Decision tree with entropy score: 96.464%


As we can see, there is not much performance difference when using gini index compared to entropy as splitting criterion. Therefore any one of gini or entropy can be used as splitting criterion. 

Find More Such tutorials

Generic selectors
Exact matches only
Search in title
Search in content
Post Type Selectors
Search in posts
Search in pages

That's how we learned about Gini index vs Entropy

That’s all for this mini tutorial. To sum it up, we learned about Gini index vs Entropy.
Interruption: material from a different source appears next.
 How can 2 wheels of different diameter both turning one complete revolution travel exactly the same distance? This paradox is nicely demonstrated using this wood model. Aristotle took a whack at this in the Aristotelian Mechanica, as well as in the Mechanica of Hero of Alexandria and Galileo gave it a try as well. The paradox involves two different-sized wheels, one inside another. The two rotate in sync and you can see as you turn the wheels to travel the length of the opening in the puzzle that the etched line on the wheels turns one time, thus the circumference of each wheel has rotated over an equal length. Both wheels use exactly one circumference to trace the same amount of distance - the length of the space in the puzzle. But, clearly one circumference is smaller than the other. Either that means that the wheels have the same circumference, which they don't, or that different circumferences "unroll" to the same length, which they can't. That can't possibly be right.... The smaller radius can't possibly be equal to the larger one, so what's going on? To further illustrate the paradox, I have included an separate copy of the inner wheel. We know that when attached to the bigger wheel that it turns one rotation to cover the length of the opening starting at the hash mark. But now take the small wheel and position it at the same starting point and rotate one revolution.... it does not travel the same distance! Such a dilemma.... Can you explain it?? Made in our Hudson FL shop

Hope it was easy, cool and simple to follow. Now it’s on you.

10 Responses

    1. Hi Audrea,

      We are glad you found this information useful.
      You can find more such articles by using the search option. Just type in the keywords and you’ll get best data science and python tutorials in the results.

      Best Regards,
      thatascience team

  1. Intriguing post. I’ve been pondering about this issue, so
    a debt of gratitude is in order for posting. Entirely cool post.

    It ‘s extremely exceptionally decent and Useful post. Thanks!

    Best regards,
    Balle Valenzuela

    1. Hi Balle,

      It’s gives immense pleasure to see your beautiful comment.
      More such tutorials being added every week.

      Best Regards,
      thatascience team

  2. Exceptional read, Positive site, where diyou u come up with all the
    information on this posting? I’ve read a few of
    the posts on your website now, and I really like your style.

    Best regards,
    Harrell Cannon

    1. Hello Harrell,

      Thanks a lot for your beautiful words. Makes the whole team happy. A lot of research goes into making articles. Books, videos, tutorials etc are used to research the theory.
      We’ll be coming up with new informative articles. Feel free to write to us if you want article on a topic.

      Thanks and Regards,
      team thatascience

Leave a Reply

Your email address will not be published.